__Material to process__:
Segment Open

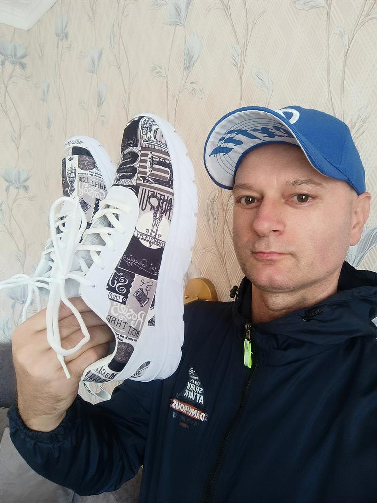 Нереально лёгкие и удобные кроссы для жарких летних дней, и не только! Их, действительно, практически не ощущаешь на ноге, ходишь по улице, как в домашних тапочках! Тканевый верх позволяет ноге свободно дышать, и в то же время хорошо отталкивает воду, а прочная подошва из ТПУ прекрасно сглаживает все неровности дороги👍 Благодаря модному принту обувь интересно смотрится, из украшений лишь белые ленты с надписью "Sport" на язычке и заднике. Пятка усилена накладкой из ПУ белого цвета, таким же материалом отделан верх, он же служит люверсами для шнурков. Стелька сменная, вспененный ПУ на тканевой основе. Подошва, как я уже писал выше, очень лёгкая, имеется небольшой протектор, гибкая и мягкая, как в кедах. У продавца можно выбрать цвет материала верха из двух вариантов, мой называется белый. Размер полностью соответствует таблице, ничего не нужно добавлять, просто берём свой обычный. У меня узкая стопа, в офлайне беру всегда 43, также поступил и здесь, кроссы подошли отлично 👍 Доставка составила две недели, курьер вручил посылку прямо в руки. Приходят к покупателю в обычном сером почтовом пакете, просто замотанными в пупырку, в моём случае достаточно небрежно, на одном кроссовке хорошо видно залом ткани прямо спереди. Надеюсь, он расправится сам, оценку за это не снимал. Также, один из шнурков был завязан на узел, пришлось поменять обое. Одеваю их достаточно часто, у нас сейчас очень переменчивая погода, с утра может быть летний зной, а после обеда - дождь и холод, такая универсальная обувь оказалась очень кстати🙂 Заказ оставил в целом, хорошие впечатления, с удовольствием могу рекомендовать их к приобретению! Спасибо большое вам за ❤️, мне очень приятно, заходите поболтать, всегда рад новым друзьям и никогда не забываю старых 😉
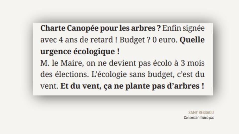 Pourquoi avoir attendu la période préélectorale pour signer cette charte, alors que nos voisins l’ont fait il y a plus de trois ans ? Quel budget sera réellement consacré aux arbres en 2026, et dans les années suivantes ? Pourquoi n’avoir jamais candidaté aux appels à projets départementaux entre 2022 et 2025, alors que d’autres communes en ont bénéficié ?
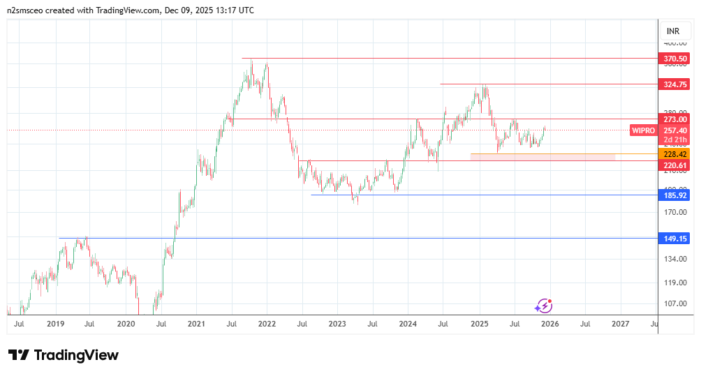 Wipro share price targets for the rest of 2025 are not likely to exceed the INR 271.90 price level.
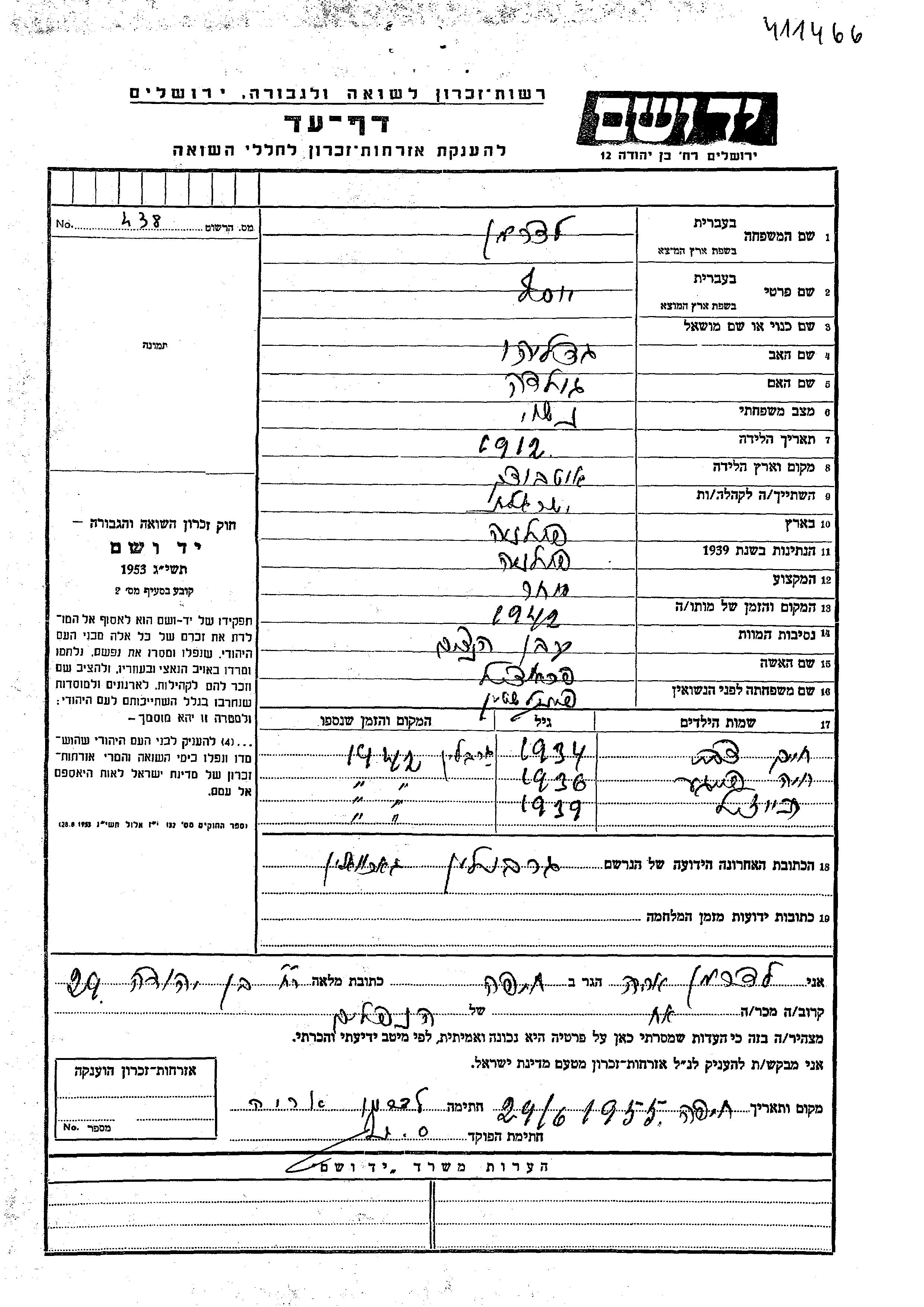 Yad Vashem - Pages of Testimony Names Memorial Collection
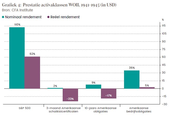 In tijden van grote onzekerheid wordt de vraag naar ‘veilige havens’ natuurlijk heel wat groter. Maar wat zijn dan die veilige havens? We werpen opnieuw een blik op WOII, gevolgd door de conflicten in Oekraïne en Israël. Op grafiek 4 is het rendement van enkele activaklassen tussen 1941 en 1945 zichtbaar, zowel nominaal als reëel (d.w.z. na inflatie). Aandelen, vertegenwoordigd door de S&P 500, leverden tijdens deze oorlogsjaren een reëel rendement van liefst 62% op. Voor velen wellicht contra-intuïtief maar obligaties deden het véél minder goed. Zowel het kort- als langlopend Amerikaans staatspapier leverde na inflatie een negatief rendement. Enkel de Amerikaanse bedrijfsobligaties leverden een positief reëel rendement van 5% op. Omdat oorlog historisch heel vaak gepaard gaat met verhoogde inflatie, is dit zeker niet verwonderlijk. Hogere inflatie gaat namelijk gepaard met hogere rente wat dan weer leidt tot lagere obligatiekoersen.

Segment Closed
Segment Open

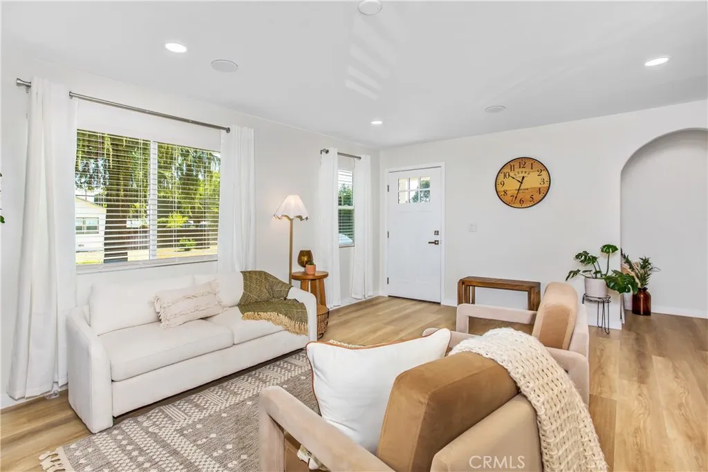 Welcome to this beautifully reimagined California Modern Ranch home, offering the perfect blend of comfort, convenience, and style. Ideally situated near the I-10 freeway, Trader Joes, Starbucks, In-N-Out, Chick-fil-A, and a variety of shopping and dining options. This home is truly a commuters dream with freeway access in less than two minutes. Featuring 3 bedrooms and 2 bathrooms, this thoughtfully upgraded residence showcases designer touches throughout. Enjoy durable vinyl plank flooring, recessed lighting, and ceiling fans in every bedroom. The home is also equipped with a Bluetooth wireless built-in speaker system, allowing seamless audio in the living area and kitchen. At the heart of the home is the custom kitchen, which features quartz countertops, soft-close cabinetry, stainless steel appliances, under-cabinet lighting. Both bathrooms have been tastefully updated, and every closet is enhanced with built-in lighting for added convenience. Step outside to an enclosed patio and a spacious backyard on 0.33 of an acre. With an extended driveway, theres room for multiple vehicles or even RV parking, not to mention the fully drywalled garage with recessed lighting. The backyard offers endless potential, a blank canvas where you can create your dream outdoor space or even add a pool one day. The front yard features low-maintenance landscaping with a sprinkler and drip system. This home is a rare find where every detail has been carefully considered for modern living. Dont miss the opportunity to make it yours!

Segment Closed

I would like the exact lines from the data above, starting with the one that holds "Wipro share price" and going on through the one that holds "Yad Vashem - Pages", without the pictures.

 Wipro share price targets for the rest of 2025 are not likely to exceed the INR 271.90 price level.
 Yad Vashem - Pages of Testimony Names Memorial Collection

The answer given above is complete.